## ACTIVITY
Set down each line of the data below exactly as it stands, dropping the pictures.

## COLLECTED MATERIAL
================

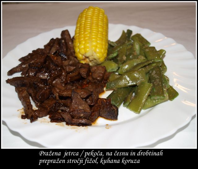 Vremenu primerno je bilo tudi nadaljevanje: kislo zelje (lanska zaloga doma kisanega), svež, luščen kuhan fižol z ocvirki in krvavice iz zamrznjene zaloge.
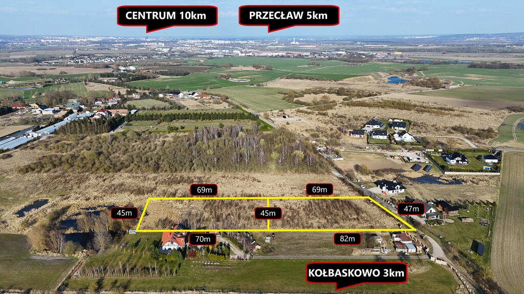 Działki położone są w cichym i malowniczym zakątku, lecz zapewniają błyskawiczny dojazd do A6 (Kołbaskowo, 3km) lub do centrum Szczecina (10km). Przystanek autobusowy jest zaledwie 500m dalej (6 minut pieszo).
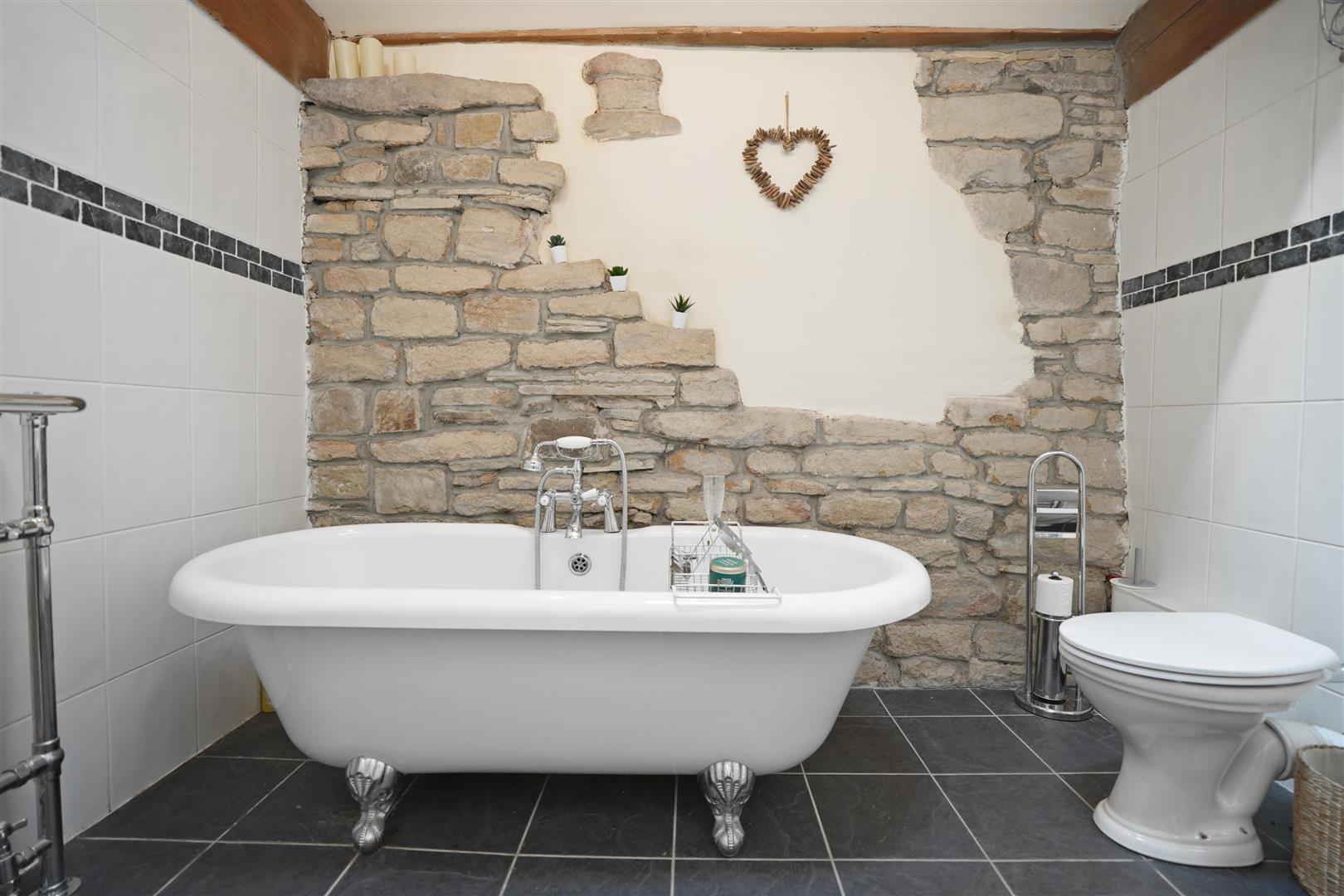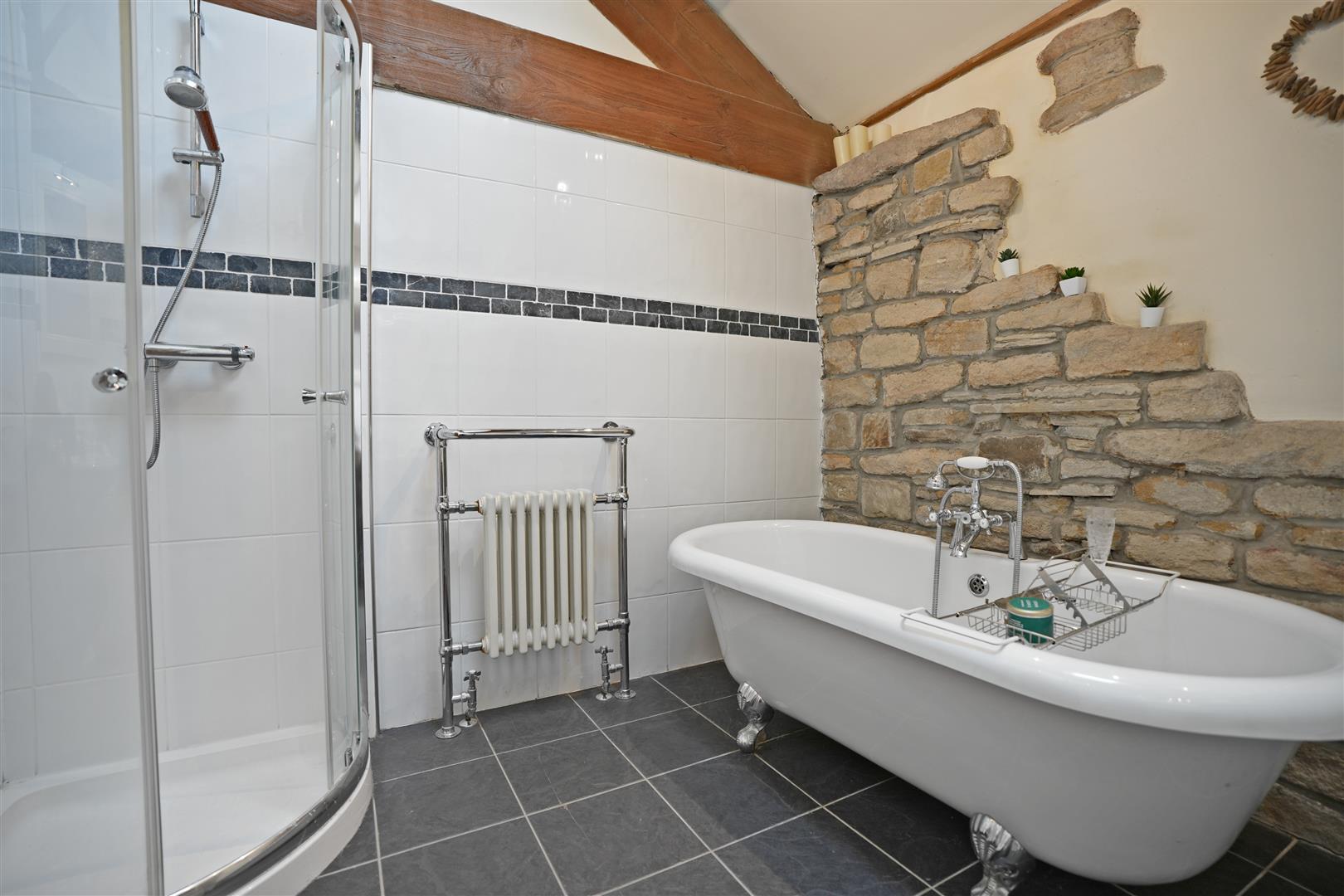 Bathroom - Wash hand basin. Low flush W.C. Roll top bath. Shower cubicle. Exposed stone walls. Exposed beams. Traditional style towel radiator. Velux window.

================

## RESULT OF THIS TASK
 Vremenu primerno je bilo tudi nadaljevanje: kislo zelje (lanska zaloga doma kisanega), svež, luščen kuhan fižol z ocvirki in krvavice iz zamrznjene zaloge.
 Działki położone są w cichym i malowniczym zakątku, lecz zapewniają błyskawiczny dojazd do A6 (Kołbaskowo, 3km) lub do centrum Szczecina (10km). Przystanek autobusowy jest zaledwie 500m dalej (6 minut pieszo).
 Bathroom - Wash hand basin. Low flush W.C. Roll top bath. Shower cubicle. Exposed stone walls. Exposed beams. Traditional style towel radiator. Velux window.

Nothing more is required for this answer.